:: WHAT TO DO ::
Only the lines from the beginning of the entries through the one that holds "評價:東西很好,本來馬桶下水" may appear in the answer, written out exactly and free of pictures.

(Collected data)
☆ ☆ ☆ ☆ ☆
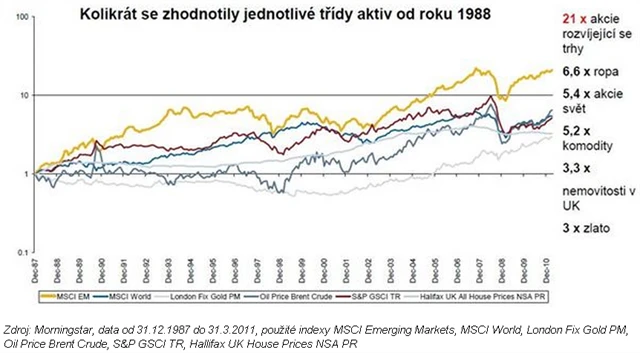 Tisíc dolarů investovaných na konci roku 1987 do indexu rozvíjejících se trhů (MSCI Emerging Markets) by se na konci března tohoto roku zhodnotilo na 21 tisíc dolarů, tedy jednadvacetkrát. Tak vysokého růstu žádná jiná investice na tomto horizontu, dlouhém více než 23 let, nedosáhla.
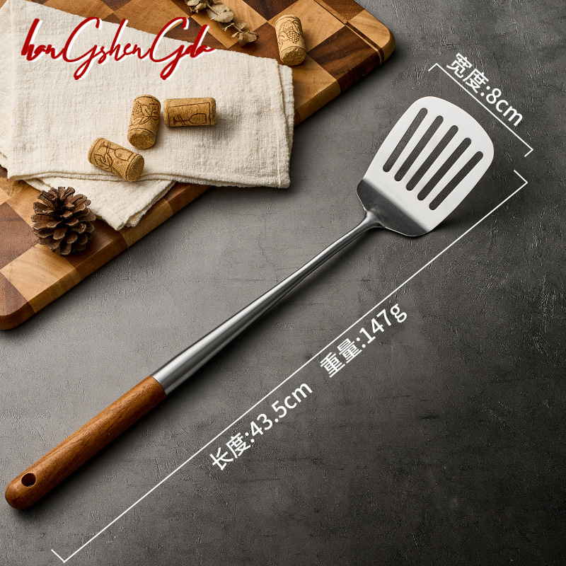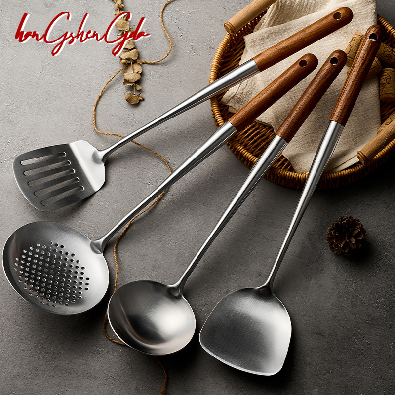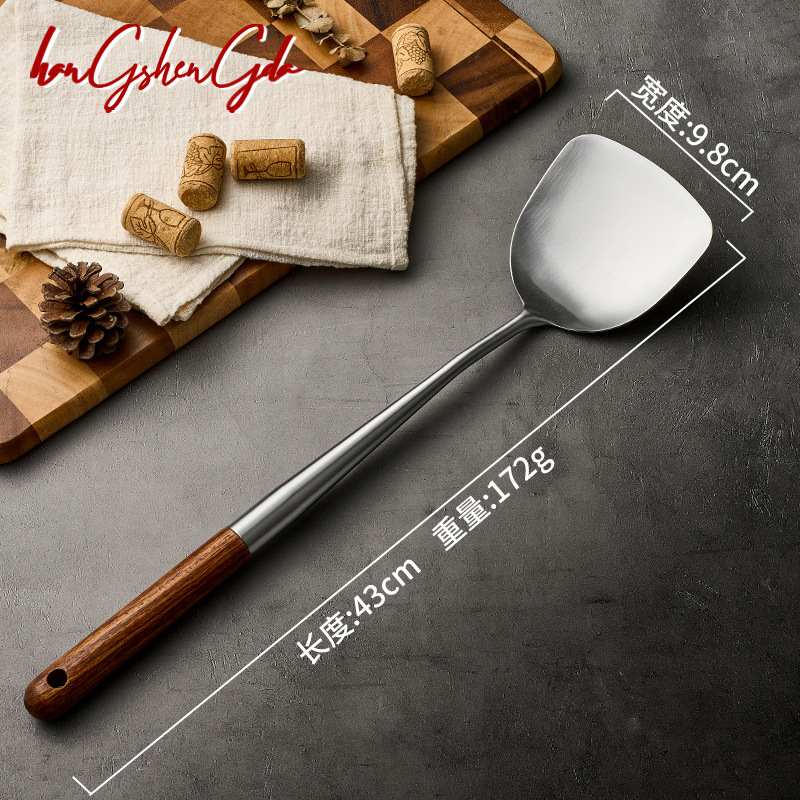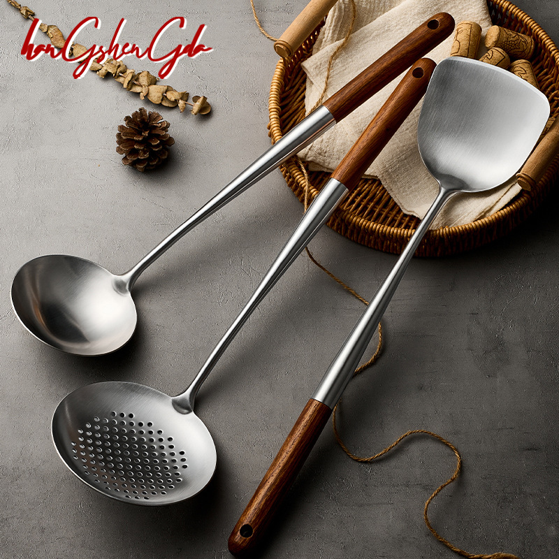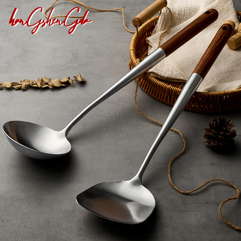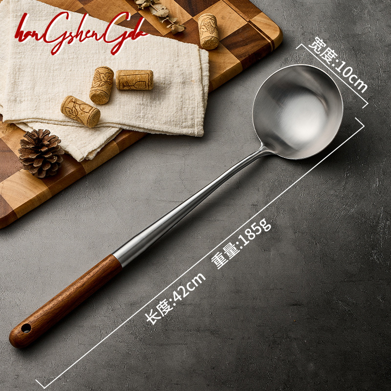 304 스테인레스 스틸 프라이팬 주걱 가정용 요리 주걱 수프 스푼 확장 나무 손잡이 주방기구 세트 요리사 주걱
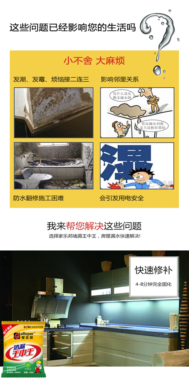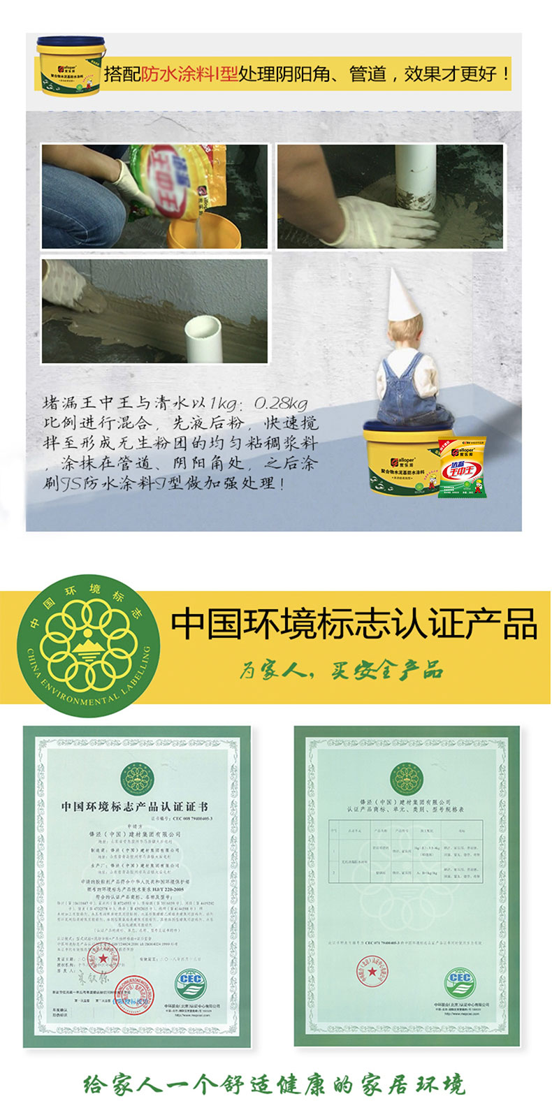 評價:東西很好,本來馬桶下水管總有水沿著管子滴到樓下,把馬桶拿了,下水管旁邊的地磚切了,砂漿全部清掉,用堵漏王中王沿著馬桶管堆一圈,再用防水涂料涂了兩遍,最后用剩下的堵漏王中王混了點沙子把地面找平,馬桶按上去。過兩天樓下一看,滴水不漏!
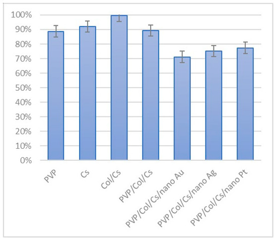 Conductivity is a highly desired feature for biomaterials dedicated to nerve tissue engineering applications since it provides the possibility for electrostimulation and regeneration process enhancement. Gold, silver and platinum nanoparticles are known for their ability to conduct electricity due to their metallic nature. However, this property may depend on the synthesis pathway as well as NP size and morphology. As shown in Figure 6, all of the prepared nanomaterials exhibited conductivity. The study revealed that the highest value of this parameter was obtained for the solution of silver nanoparticles (32 µS/cm), followed by platinum and finally gold (11 µS/cm). Synthesized NPs were further used during multi-layered NGC preparation. As shown in Table 2, six different nerve guidance channels were obtained which varied by chemical composition. First NGCs were prepared via an electrospinning process using PVP as a raw material. PVP is one of the most widely used conductive polymers due to its low cytotoxicity and processability. Figure 7 reveals that the nanofibrous channel based on pure polyvinylpyrrolidone exhibited satisfactory conductivity, compared to the natural polymers, namely chitosan and collagen. Nevertheless, these macromolecular compounds are known to have superior biocompability and bioactivity, therefore it is necessary to combine all these features. Thus, to enhance chitosan and collagen’s original ability for electron transmission, before electrospray processing, their solutions were doped with three types of metallic NP solutions. As shown in Figure 7, this approach resulted in the obtainment of the nanocomposities with more satisfactory properties and higher conductivity, compared to the three polymeric component composites alone (PVP/Col/CS). As can be noticed, all nanocomposites containing three different NPs exhibited higher electrical properties. The addition of nanoparticles significantly improved the conductive properties of the materials, with an increase of 14% for gold nanoparticles, 52% for silver and 24% for platinum. Their use increased the conductive properties of the materials by 44% compared to the Col/Cs composite. Such conductivity meets the requirements of biomaterials capable of regenerating tissue by electrostimulation, since it should exceed 8 µS/cm.
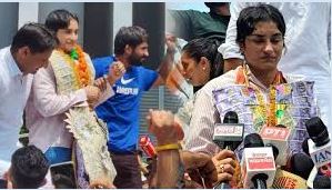 विनेश फोगाट पेरिस ओलंपिक में हिस्सा लेने के बाद जब देश वापस लौटी तो वह अपने स्वागत को देखने के बाद जहां भावुक हो गईं तो वहीं उन्होंने कहा कि मैं सभी देशवासियों का धन्यवाद कहना चाहती हूं और खुद को काफी भाग्यशाली मानती हूं। विनेश को एक चैंपियन की तरह देश वापस लौटने पर स्वागत किया गया है। बता दें कि गोल्ड मेडल मैच से ठीक पहले अयोग्य करार दिए जाने के बाद विनेश ने कुश्ती से अपने संन्यास का ऐलान कर दिया था।
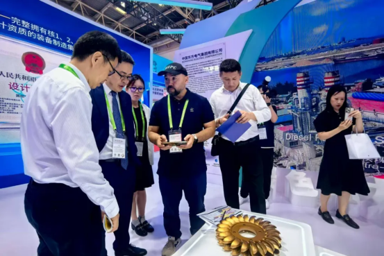 在PA视讯在线官网集团展台,自主研制的G50燃机、高端水电转轮、26兆瓦级海上风电机组、12000米特深井智能钻机、海水制氢平台“东福一号”、300千瓦组串式光伏逆变器、氢能燃料电池等创新链产品模型集中亮相,吸引了众多专业观众驻足参观。
☆ ☆ ☆ ☆ ☆
:: ANSWER SPACE ::
 Tisíc dolarů investovaných na konci roku 1987 do indexu rozvíjejících se trhů (MSCI Emerging Markets) by se na konci března tohoto roku zhodnotilo na 21 tisíc dolarů, tedy jednadvacetkrát. Tak vysokého růstu žádná jiná investice na tomto horizontu, dlouhém více než 23 let, nedosáhla.
 304 스테인레스 스틸 프라이팬 주걱 가정용 요리 주걱 수프 스푼 확장 나무 손잡이 주방기구 세트 요리사 주걱
 評價:東西很好,本來馬桶下水管總有水沿著管子滴到樓下,把馬桶拿了,下水管旁邊的地磚切了,砂漿全部清掉,用堵漏王中王沿著馬桶管堆一圈,再用防水涂料涂了兩遍,最后用剩下的堵漏王中王混了點沙子把地面找平,馬桶按上去。過兩天樓下一看,滴水不漏!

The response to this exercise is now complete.